Action item | Any picture in the data below gets skipped; print all the rest exactly.

Source data |
★ ★ ★

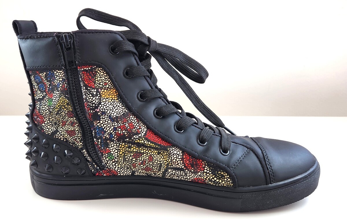 The Steve Madden Chaos 01M1 Men's Leather Upper High-Top Spiked Trainers in size 10M offer a stylish and edgy option for casual footwear. Featuring a lace-up closure, multicolor design, and leather upper, these sneakers are perfect for men looking to add a touch of flair to their outfit.
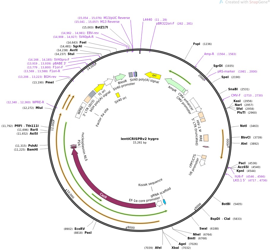 质粒名称:lentiCRISPRv2 hygro 质粒编号:98291 质粒备注: (Empty Backbone) Variant of lentiCRISPRv2 that confers hygromycin resistance 载体名称:lentiCRISPRv2 载体大小:15261 载体类型:Lentiviral, CRISPR 筛选标记:潮霉素 原核抗性:氨苄青霉素,100μg/mL 培养温度:37℃ 克隆菌株:NEB Stable 高拷贝/低拷贝:高拷贝 插入基因:P2A-hygro 启动子:EF-1a 克隆方法:限制性内切酶 5'克隆位点:BamHI (not destroyed) 3'克隆位点:MluI (not destroyed) 5'测序引物:CCAAAGAGGTGCTGGACG 3'测序引物:WPRE-R (CATAGCGTAAAAGGAGCAACA) 质粒图谱:
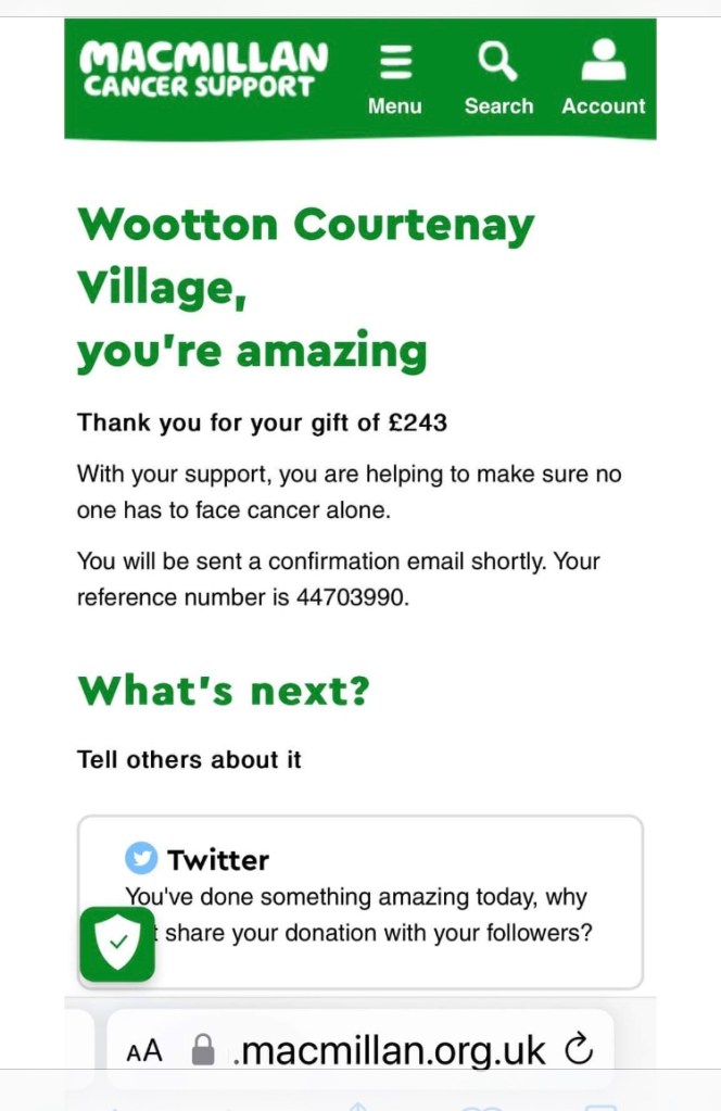 A significant sum of £243 was raised for Macmillan Cancer Support, who have already shown their gratitude (see photo below).

★ ★ ★

Reply to the exercise |
 The Steve Madden Chaos 01M1 Men's Leather Upper High-Top Spiked Trainers in size 10M offer a stylish and edgy option for casual footwear. Featuring a lace-up closure, multicolor design, and leather upper, these sneakers are perfect for men looking to add a touch of flair to their outfit.
 质粒名称:lentiCRISPRv2 hygro 质粒编号:98291 质粒备注: (Empty Backbone) Variant of lentiCRISPRv2 that confers hygromycin resistance 载体名称:lentiCRISPRv2 载体大小:15261 载体类型:Lentiviral, CRISPR 筛选标记:潮霉素 原核抗性:氨苄青霉素,100μg/mL 培养温度:37℃ 克隆菌株:NEB Stable 高拷贝/低拷贝:高拷贝 插入基因:P2A-hygro 启动子:EF-1a 克隆方法:限制性内切酶 5'克隆位点:BamHI (not destroyed) 3'克隆位点:MluI (not destroyed) 5'测序引物:CCAAAGAGGTGCTGGACG 3'测序引物:WPRE-R (CATAGCGTAAAAGGAGCAACA) 质粒图谱:
 A significant sum of £243 was raised for Macmillan Cancer Support, who have already shown their gratitude (see photo below).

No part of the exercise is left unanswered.